Creating Preprocessing Pipelines

Preprocessing pipelines define how raw images are transformed and prepared for downstream analysis. The pathml.preprocessing module provides tools to define modular preprocessing pipelines for whole-slide images.

In this section we will walk through how to define a Pipeline object by composing pre-made Transform objects, and how to implement a new custom Transform.

What is a Transform?

The Transform is the building block for creating preprocessing pipelines.

Each Transform applies a specific operation to a Tile which may include modifying an input image, creating or modifying pixel-level metadata (i.e., masks), or creating or modifying image-level metadata (e.g., image quality metrics or an AnnData counts matrix).

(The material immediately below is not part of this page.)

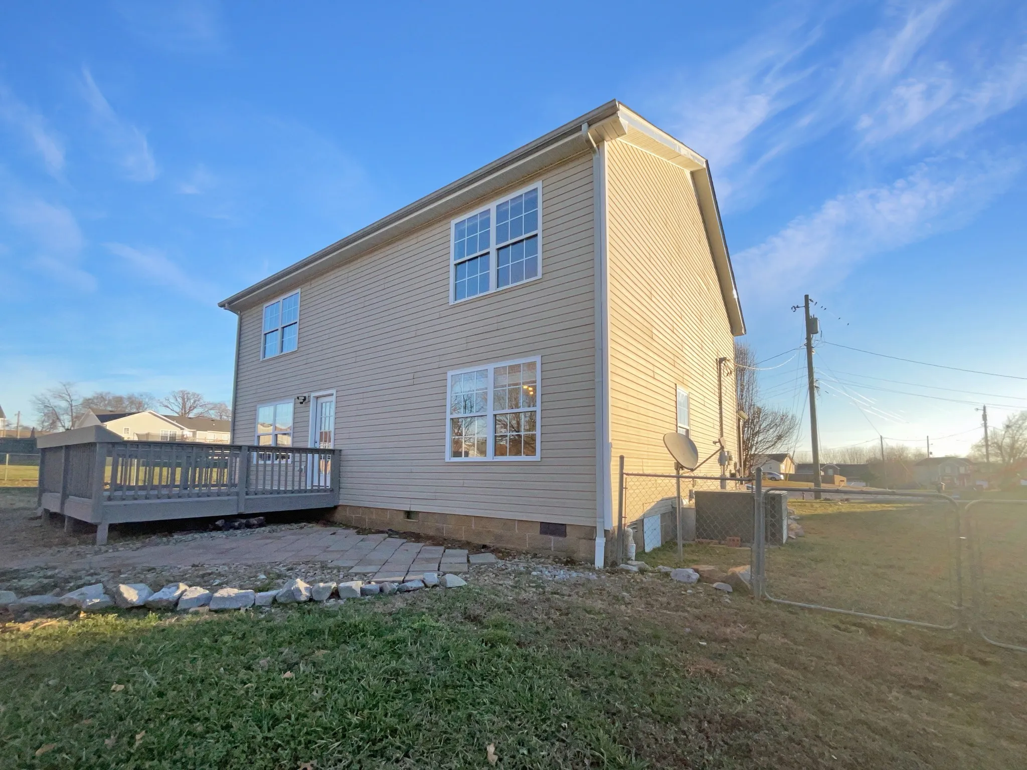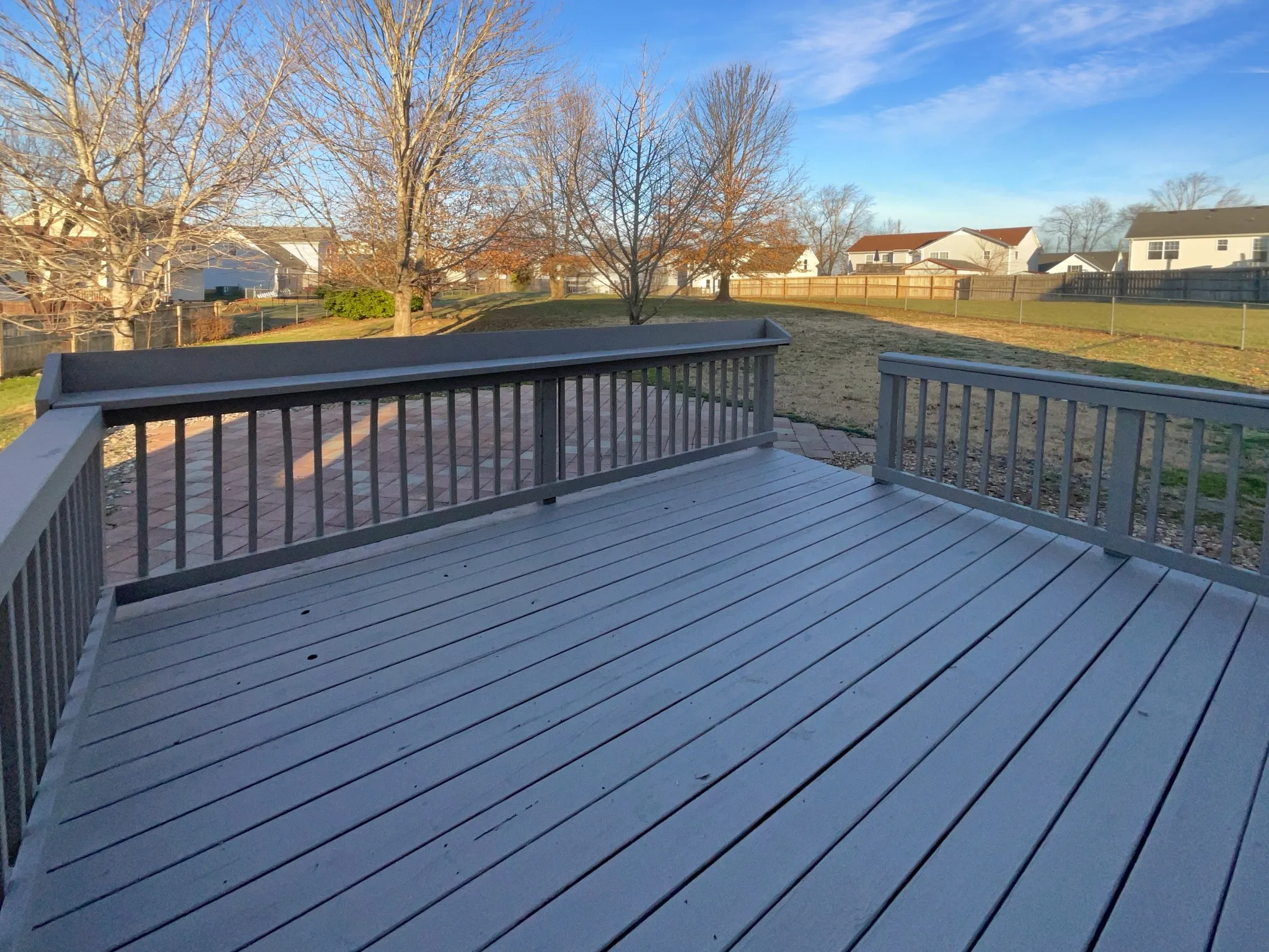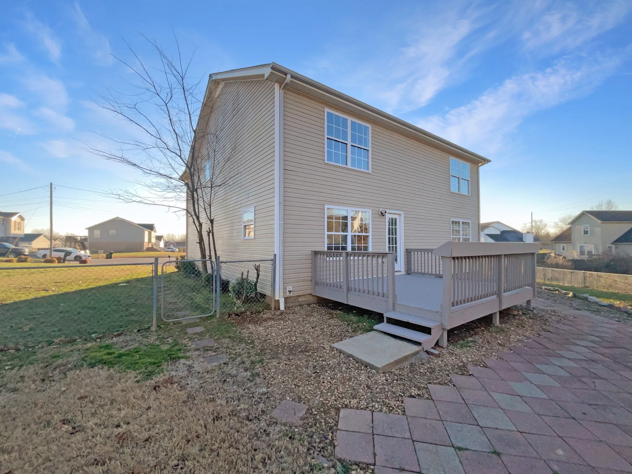 Enjoy outdoor living on the deck overlooking a privacy-fenced backyard, all tucked away

schematic diagram of Transform

Schematic diagram of a Transform operating on a tile. In this example, several masks are created (represented by stacked rectangles) as well as several labels (depicted here as cubes).

examples of Transforms

Examples of several types of Transform

What is a Pipeline?

A preprocessing pipeline is a set of independent operations applied sequentially. In PathML, a Pipeline is defined as a sequence of Transform objects. This makes it easy to compose a custom Pipeline by mixing-and-matching:

schematic diagram of modular pipeline composition

Schematic diagram of Pipeline composition from a set of modular components

In the PathML API, this is concise:

from pathml.preprocessing import Pipeline, BoxBlur, TissueDetectionHE

pipeline = Pipeline([
    TissueDetectionHE(mask_name = "tissue", min_region_size=500,
                      threshold=30, outer_contours_only=True)

In this example, the preprocessing pipeline will first apply a box blur kernel, and then apply tissue detection.

Creating custom Transforms


For advanced users

In some cases, you may want to implement a custom Transform. For example, you may want to apply a transformation which is not already implemented in PathML. Or, perhaps you want to create a new transformation which combines several others.

To define a new custom Transform, all you need to do is create a class which inherits from Transform and implements an apply() method which takes a Tile as an argument and modifies it in place. You may also implement a functional method F(), although that is not strictly required.

For example, let’s take a look at how BoxBlur is implemented:

class BoxBlur(Transform):
    """Box (average) blur kernel."""
    def __init__(self, kernel_size=5):
        self.kernel_size = kernel_size

    def F(self, image):
        return cv2.boxFilter(image, ksize = (self.kernel_size, self.kernel_size), ddepth = -1)

    def apply(self, tile):
        tile.image = self.F(tile.image)

Once you define your custom Transform, you can plug it in with any of the other Pipeline, etc.